---------- INFORMATION

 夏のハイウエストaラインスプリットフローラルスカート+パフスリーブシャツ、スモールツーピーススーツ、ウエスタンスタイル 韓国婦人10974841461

--------------------
---------- INFORMATION

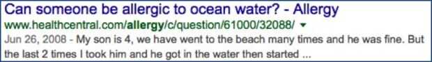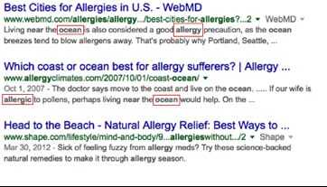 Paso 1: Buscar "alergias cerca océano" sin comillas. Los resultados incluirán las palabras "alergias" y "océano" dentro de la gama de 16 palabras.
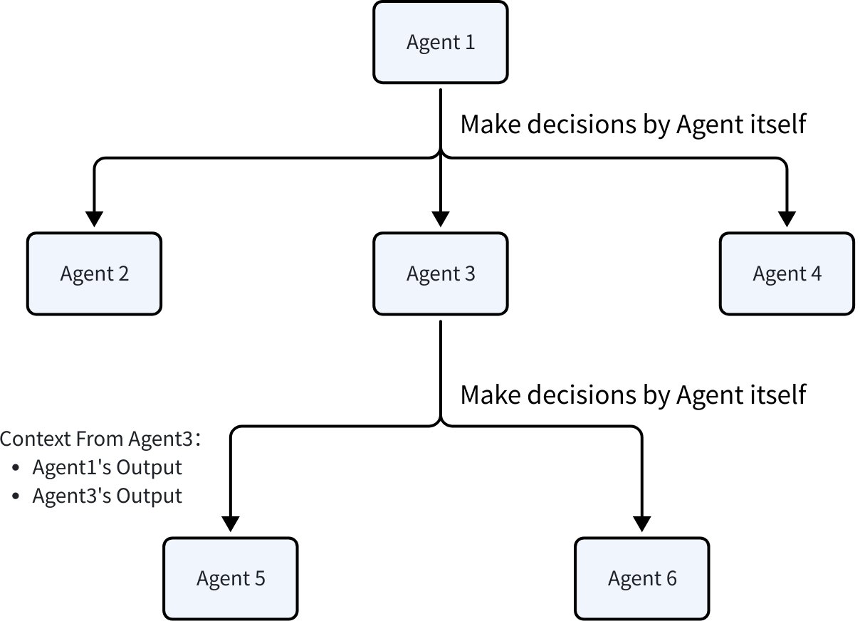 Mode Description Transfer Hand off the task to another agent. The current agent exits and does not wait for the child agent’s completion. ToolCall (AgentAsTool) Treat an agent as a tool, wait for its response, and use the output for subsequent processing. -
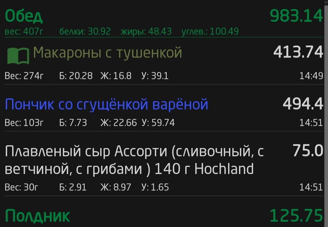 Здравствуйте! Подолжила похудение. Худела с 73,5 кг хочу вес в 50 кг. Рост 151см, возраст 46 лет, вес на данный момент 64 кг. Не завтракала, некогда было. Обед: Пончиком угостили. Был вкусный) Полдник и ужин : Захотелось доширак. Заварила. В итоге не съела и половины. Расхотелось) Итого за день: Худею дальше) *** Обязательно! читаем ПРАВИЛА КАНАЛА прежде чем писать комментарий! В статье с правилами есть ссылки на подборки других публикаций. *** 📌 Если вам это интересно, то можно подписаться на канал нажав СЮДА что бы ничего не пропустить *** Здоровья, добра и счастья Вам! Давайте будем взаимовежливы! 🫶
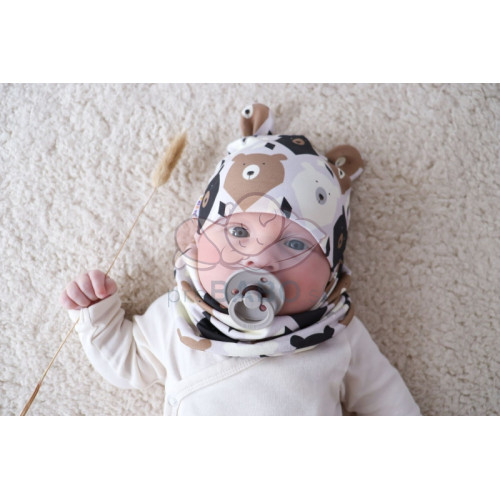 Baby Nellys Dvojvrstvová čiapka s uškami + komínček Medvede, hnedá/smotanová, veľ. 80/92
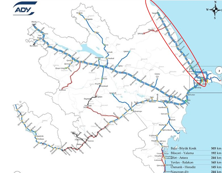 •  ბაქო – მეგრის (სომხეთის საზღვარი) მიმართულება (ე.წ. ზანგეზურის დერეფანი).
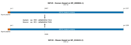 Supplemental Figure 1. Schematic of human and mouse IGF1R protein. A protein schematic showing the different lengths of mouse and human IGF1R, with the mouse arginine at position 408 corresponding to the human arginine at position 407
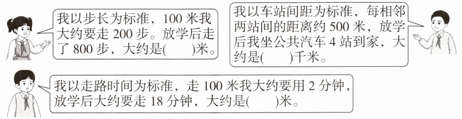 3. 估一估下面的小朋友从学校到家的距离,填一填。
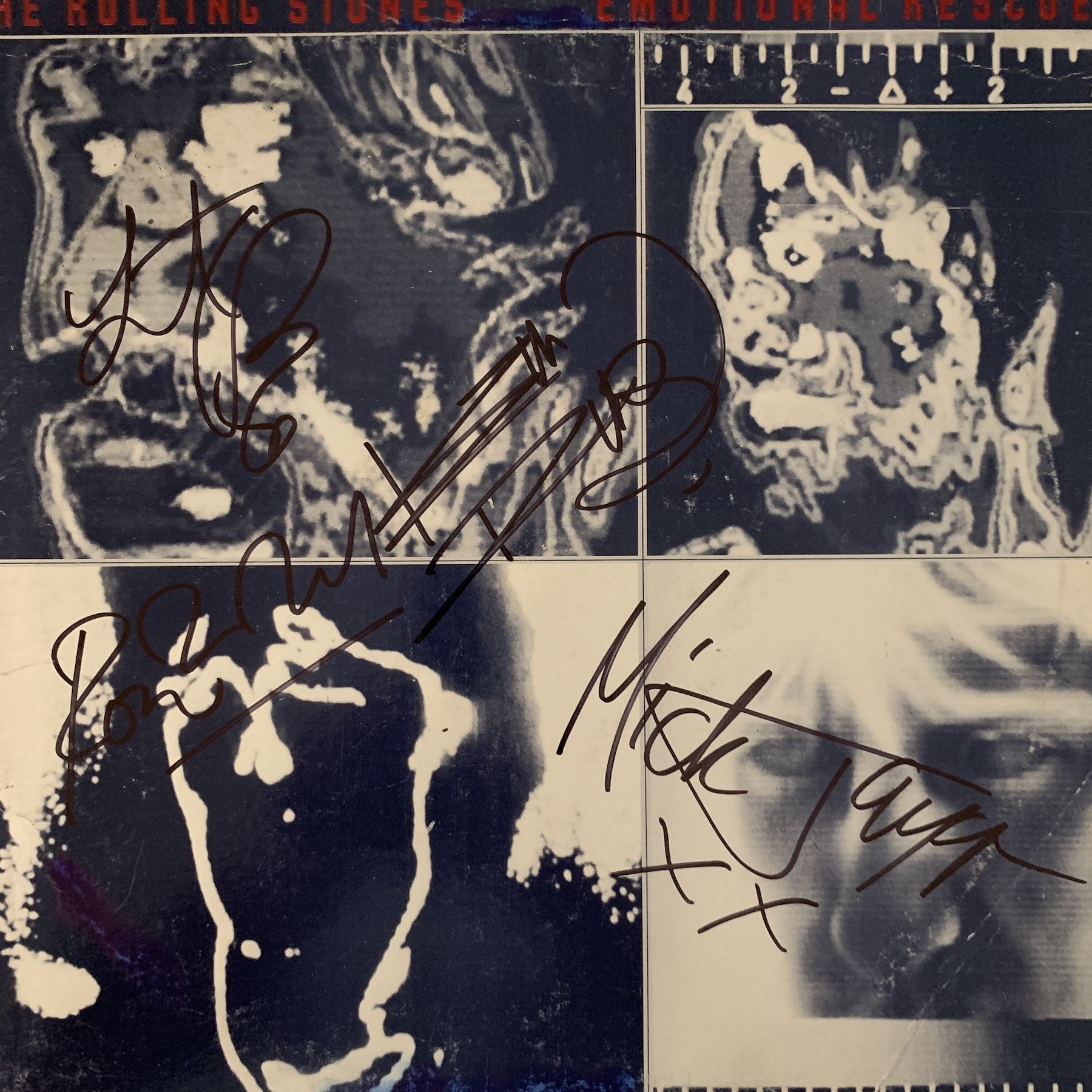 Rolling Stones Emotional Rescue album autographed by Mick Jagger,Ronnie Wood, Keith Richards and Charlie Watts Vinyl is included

--------------------

WHAT TO WORK ON
Transcribe, exactly and without pictures, everything in the data from the line with "Supplemental Figure 1." down to the line with "Rolling Stones Emotional", both included.

THE ANSWER
 Supplemental Figure 1. Schematic of human and mouse IGF1R protein. A protein schematic showing the different lengths of mouse and human IGF1R, with the mouse arginine at position 408 corresponding to the human arginine at position 407
 3. 估一估下面的小朋友从学校到家的距离,填一填。
 Rolling Stones Emotional Rescue album autographed by Mick Jagger,Ronnie Wood, Keith Richards and Charlie Watts Vinyl is included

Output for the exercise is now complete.